Paul Jamoulle : « Mon premier souci en tant qu’habitant-commerçant du quartier, c’est le remplacement progressif de l’axe commerçant de la chaussée de Wavre, qui existe de longue date, par un nouvel axe qui part de la place du Luxembourg passe par la place de Londres pour aller vers la Porte de Namur via la rue de Dublin. On constate qu’un axe long et structurant est remplacé par un axe plus court. Beaucoup d’axes commerçants ont disparu, à cause de l’excentration des commerces, mais dans ce quartier, nous avions un chance magnifique avec l’implantation des institutions européenne.
Malheureusement, on a observé à la fois un enfermement des commerces à l’intérieur des institutions et un manque cruel de soutien et d’imagination commerçante à l’extérieur.
Le commerce est aujourd’hui dans le Parlement, on devrait le mettre dehors, pour que tout le monde en profite et que les gens dans le Parlement vivent la ville. Le mécanisme qui est développé dans le quartier est de faire rentrer les gens par un parking, une entrée de gare ou un métro, puis de les faire travailler, puis ils repartent chez eux, loin, sans avoir eu besoin de sortir. Ce modèle de ville crée des habitants fantômes qui vivent dans des termitières, des montagnes avec des entrées en dessous.
Or, la vie d’un quartier fonctionne aussi avec du commerce de proximité, du commerce fort, structurant. Ça favorise la vie, l’occupation des lieux, la sécurité, la convivialité. On a de moins en moins de commerce de fond, de bouchers, de boulangers, de libraires, de banques ou de postes. On a des tas de petites surfaces commerciales industrielles, où on nous vend de la nourriture en barquettes. Je ne sais pas si c’est bon ou mauvais toutes ces petites entités de supermarché. Cela devient peut-être des combats d’arrière-garde. La poste est coincée dans le Parlement, nous on a juste des guichets poste d’appoint dans des commerces. Il y avait une vraie poste, elle a disparu quand s’est créée une nouvelle poste dans la galerie du Parlement, qui n’est pas accessible à tout le monde, elle s’est privatisée. Les commerces à côté du Parlement s’orientent aussi vers ceux qui sont dans les ensembles administratifs du quartier et pas vers une population mixte. »
IEB : Qu’en est-il alors de la place du Luxembourg ?
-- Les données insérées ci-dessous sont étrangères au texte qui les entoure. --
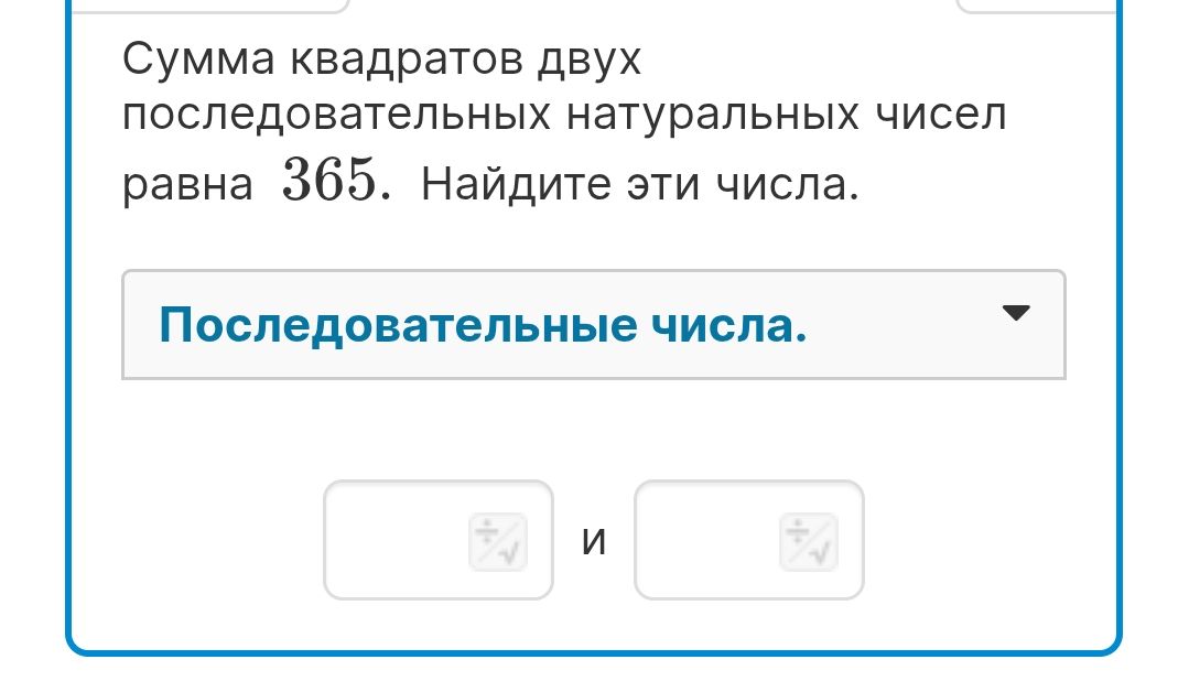Сумма квадратов этих чисел равна 365, составим уравнение: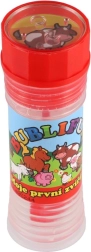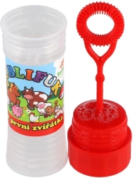 Baloanele de săpun cu motivul Animăluțele mele prime vor bucura orice copil. Conțin 50 ml de lichid pentru bule, în capac este integrat un joc, iar suflătorul este parte a capacului. Ideal pentru petreceri, joacă în aer liber și mici recompense. Potrivit de la 6 ani.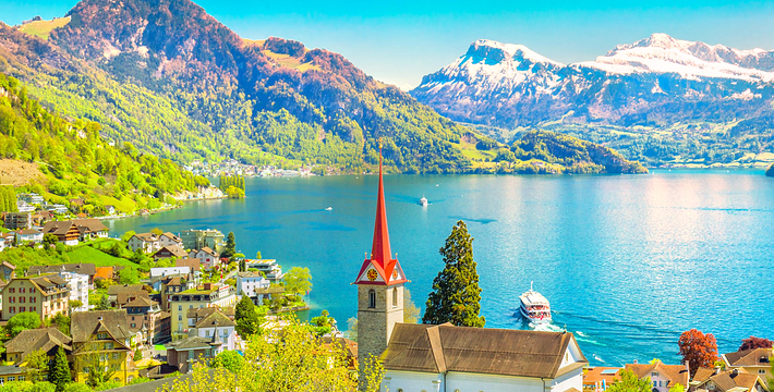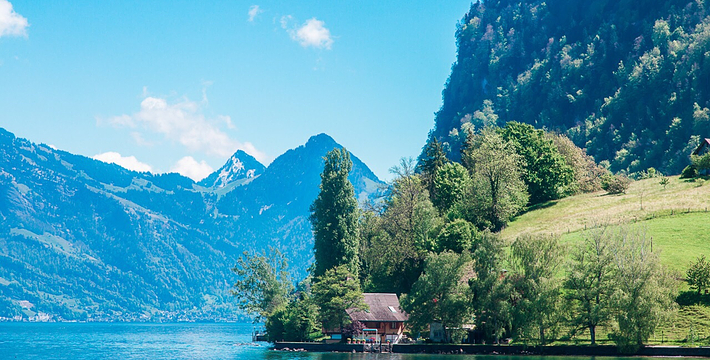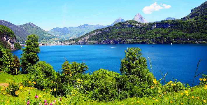 瑞士中部的重要湖泊。地处陡峭的石灰岩山地中间,湖光山色相映,风景如画。面积114平方公里(44平方哩),长约39公里(24哩)3公里(2哩)214公尺(702呎)。霍尔夫(Horw)、比尔根山(Burgenstock)、马根霍恩(Maggenhorn)等巨大岬角伸入湖中,湖形曲回。罗伊斯(Reuss)河穿湖而过,穆奥塔(Muota)、恩格尔贝格(Engelberger)等河注入湖内4个州的中心地带,有许多历史传说,例如,传说瑞士联邦奠基人曾在湖西岸集会。琉森城位于著名夏季旅游区,是湖畔主要城镇。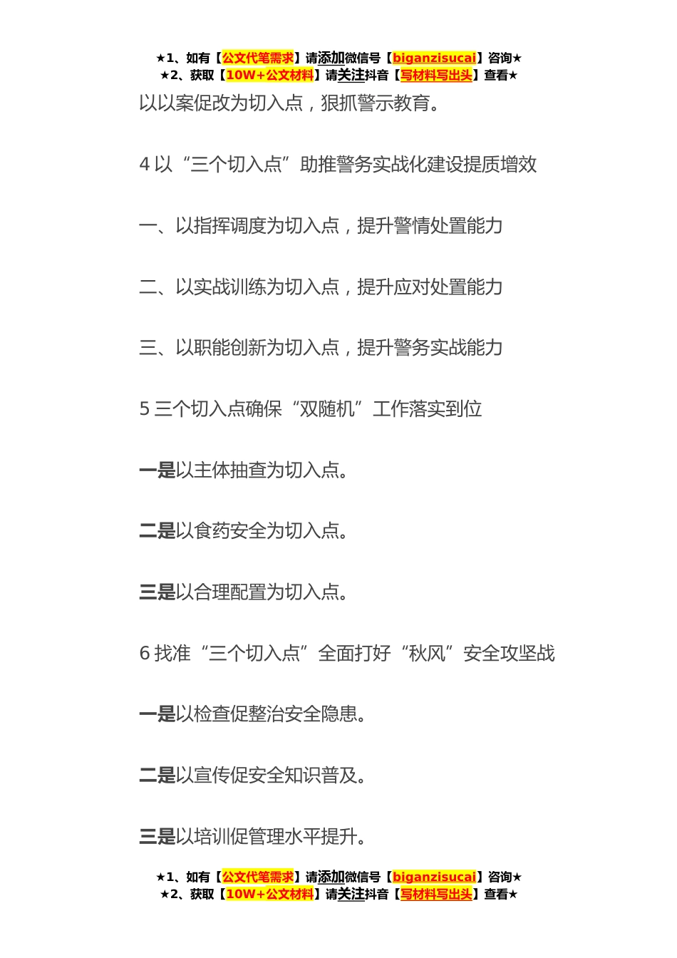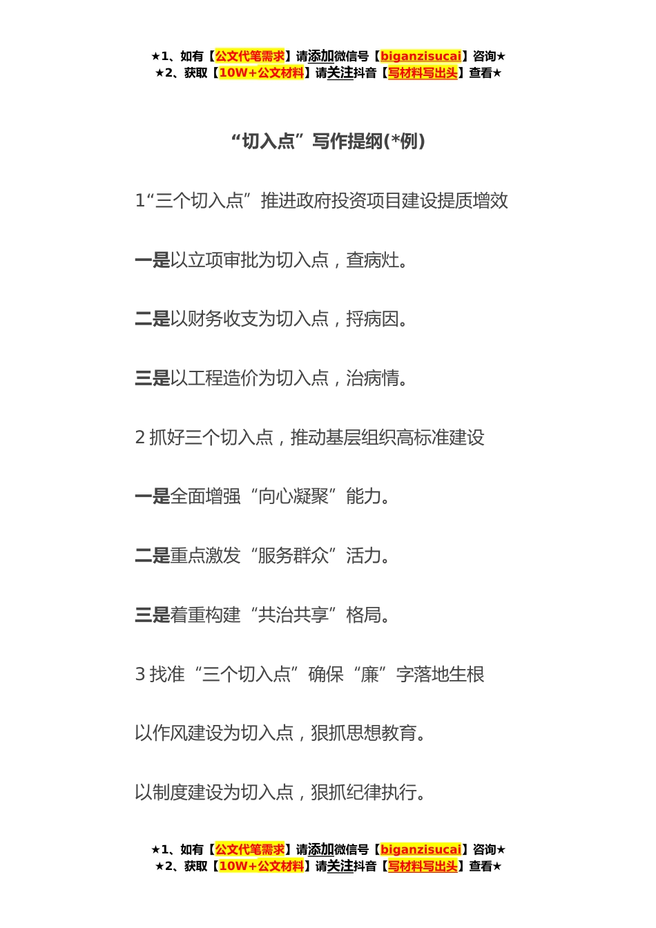 ★1、如有【公文代笔需求】请添加微信号【biganzisucai】咨询★★2、获取【10W+公文材料】请关注抖音【写材料写出头】查看★“切入点”写作提纲(*例)1“三个切入点”推进政府投资项目建设提质增效一是以立项审批为切入点,查病灶。二是以财务收支为切入点,捋病因。三是以工程造价为切入点,治病情。2抓好三个切入点,推动基层组织高标准建设一是全面增强“向心凝聚”能力。二是重点激发“服务群众”活力。三是着重构建“共治共享”格局。3找准“三个切入点”确保“廉”字落地生根以作风建设为切入点,狠抓思想教育。以制度建设为切入点,狠抓纪律执行。★1、如有【公文代笔需求】请添加微信号【biganzisucai】咨询★★2、获取【10W+公文材料】请关注抖音【写材料写出头】查看★★1、如有【公文代笔需求】请添加微...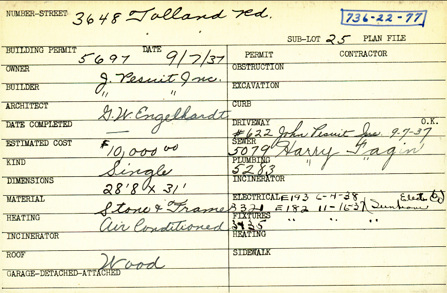 3648 Tolland Road Shaker Heights, OH 44122 PARCEL ID: 736-22-077 Building Permit Date: 09-07-1937 Plan File Number: 0 Neighborhood: Sussex Owner: J. Pesuit Inc. Builder: J. Pesuit Inc. Architect: Engelhardt, G. W. Estimated Cost: 10000 Kind: Single, Single Residence or Dwelling Material: Stone and Frame Heating: Air Conditioned Roof: Wood |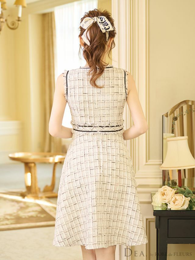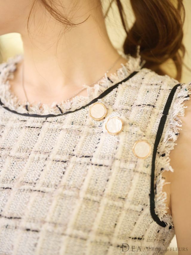 他の画像を見る ネックラインのビジューが印象的☆ [DEA.byROBEdeFLEURS/ディアバイローブドフルール] 高級ラメツイードチェック柄ボタンセットアップノースリーブタイトミニワンピースドレス ¥ 28,380 税込 在庫切れ お気に入りに追加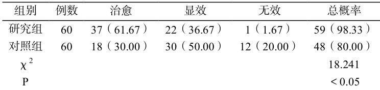 研究组临床疗效优于对照组,差异显著( p<0.05 ),具体如下表 1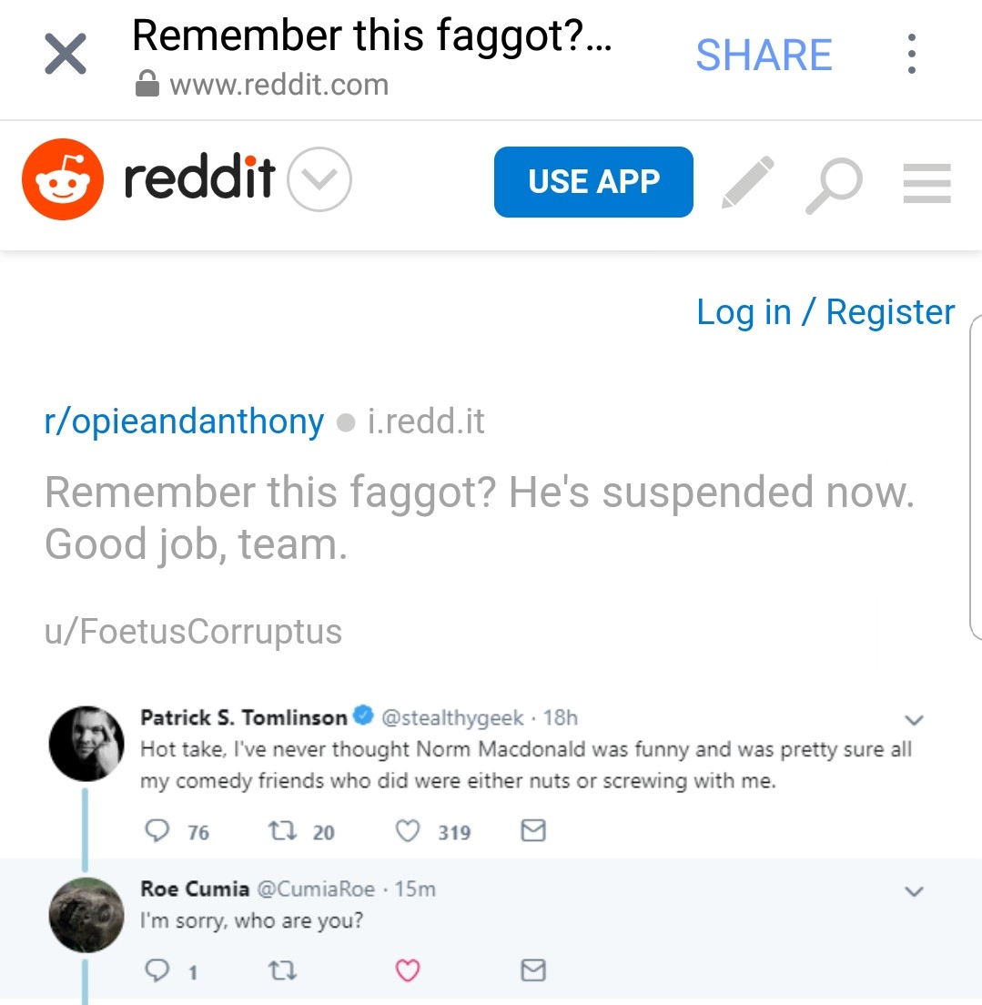 …as stupid as this is going to sound, the whole issue came about because people on an Opie and Anthony subreddit thread were mad I said I’ve never personally found Norm Macdonald funny. Random, I know, but here we are. From then on, my account was deliberately targeted for harassment and mass reporting attacks, including at least four fake accounts all run by the user on the above thread who bragged about being “on my sixth account.”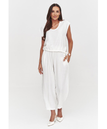 Postaw na wygodę i nowoczesny styl dzięki temu wyjątkowemu kompletowi damskiemu. Zestaw składa się z lekkiej, luźnej bluzki oraz komfortowych spodni o swobodnym kroju, które doskonale układają się na sylwetce. To idealna propozycja dla kobiet ceniących modę casualową, funkcjonalność i ponadczasowy design. Bluzka o prostym fasonie zapewnia pełną swobodę ruchów i świetnie sprawdzi się zarówno na co dzień, jak i podczas spotkań w mniej formalnym stylu. Spodnie z elastyczną talią i wiązaniem gwarantują idealne dopasowanie oraz wysoki komfort noszenia przez cały dzień. Dzięki uniwersalnemu krojowi komplet doskonale wpisuje się w aktualne trendy, tworząc stylizacje idealne na spacer, zakupy czy wyjazd.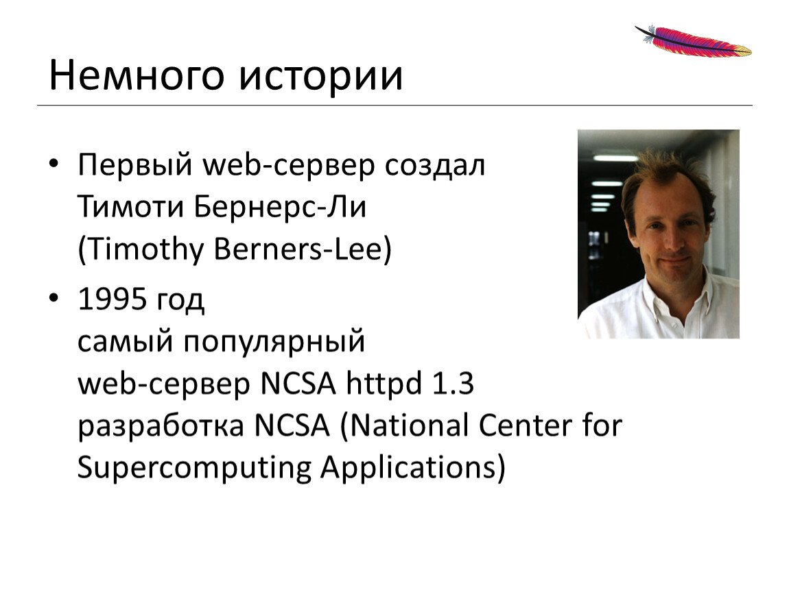 1995 годсамый популярныйweb-сервер NCSA httpd 1.3разработка NCSA (National Center for Supercomputing Applications)
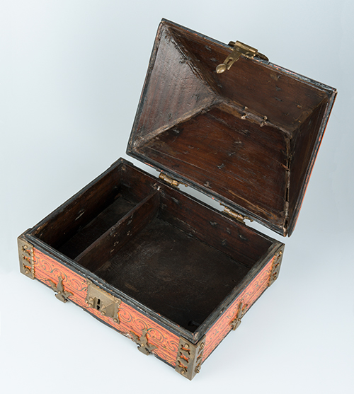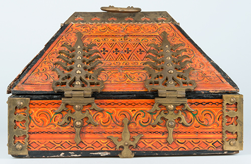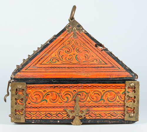 Tibet (?) Piccolo scrigno, XVIII-XIX secolo Legno dipinto e metallo 22,2x31,9x25 cm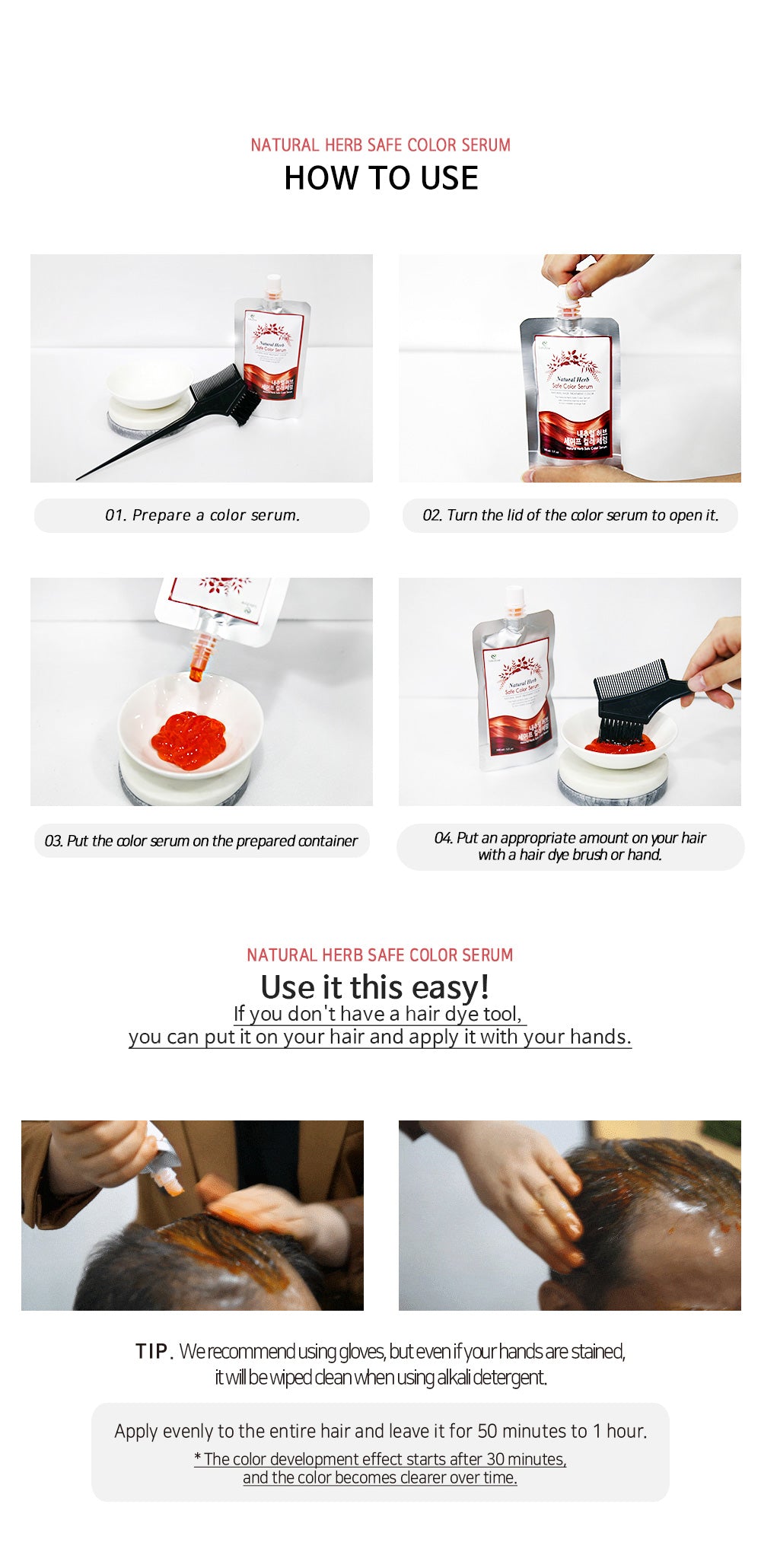 This liquid-type herbal color serum allows easy, gentle coloring without mixing two agents. Simply apply, leave for 30 minutes, and rinse with water—no shampoo needed. A quick 3-minute hand scrubbing helps the pigment coat evenly, delivering smooth and natural-looking color.

PJ : « On y a mis tout ce dont le manque d’imagination belge est capable. Les gens qui l’utilisent ce sont les jeunes en stage, des lobbystes, etc, ils font du networking, ils essayent de rencontrer des gens pour leur carrière, leur futur. On voit qu’il y a deux ou trois endroits sur-occupés, et le reste est relativement vide. Le reste ne correspond pas aux attentes commerciales du public qui est là. Pour savoir qu’y mettre, il faut partir de la diversité des modes de vie du quartier, avec toutes les nationalités qui y transitent. Ils y a certainement des tas de demandes, pour que les gens s’y sentent bien. La place du Luxembourg, on y va car c’est « the place to be », mais on n’y est pas bien. Il faut que les gens se découvrent, communiquent, etc. Ce pourrait être le bon endroit, mais il faut en créer d’autres aussi. Le Parlement va attirer un nombre croissant de visiteurs. Aujourd’hui les institutions veulent faire venir de plus en plus de monde, même si leur communication est encore à améliorer. Ils veulent déplacer des touristes par centaines de milliers. Comment les loger, les nourrir ? On risque de voir les surfaces commerciales les moins rentables de la place du Luxembourg se transformer en une succession d’enseignes de fast-food et autres mini supermarchés, d’enseignes internationales en recherche de visibilité et, là, on va au au désastre, c’est le contraire de ce qu’on veut voir en face du Parlement, l’Europe ce n’est pas ces multinationales. L’Europe doit s’intéresser à ce que son environnement devient, sinon ce serait un symbole épouvantable. On ne veut ni une place vide, ni des Mac Do. La ville c’est la vie, et ça va de pair avec des bus, des trams, des ateliers d’artistes. Participer a la ville avec du travail, des ateliers culturels, créer une vie, participer avec des salles polyvalentes, etc, ça s’est un quartier vivant, cohérent, soutenable. »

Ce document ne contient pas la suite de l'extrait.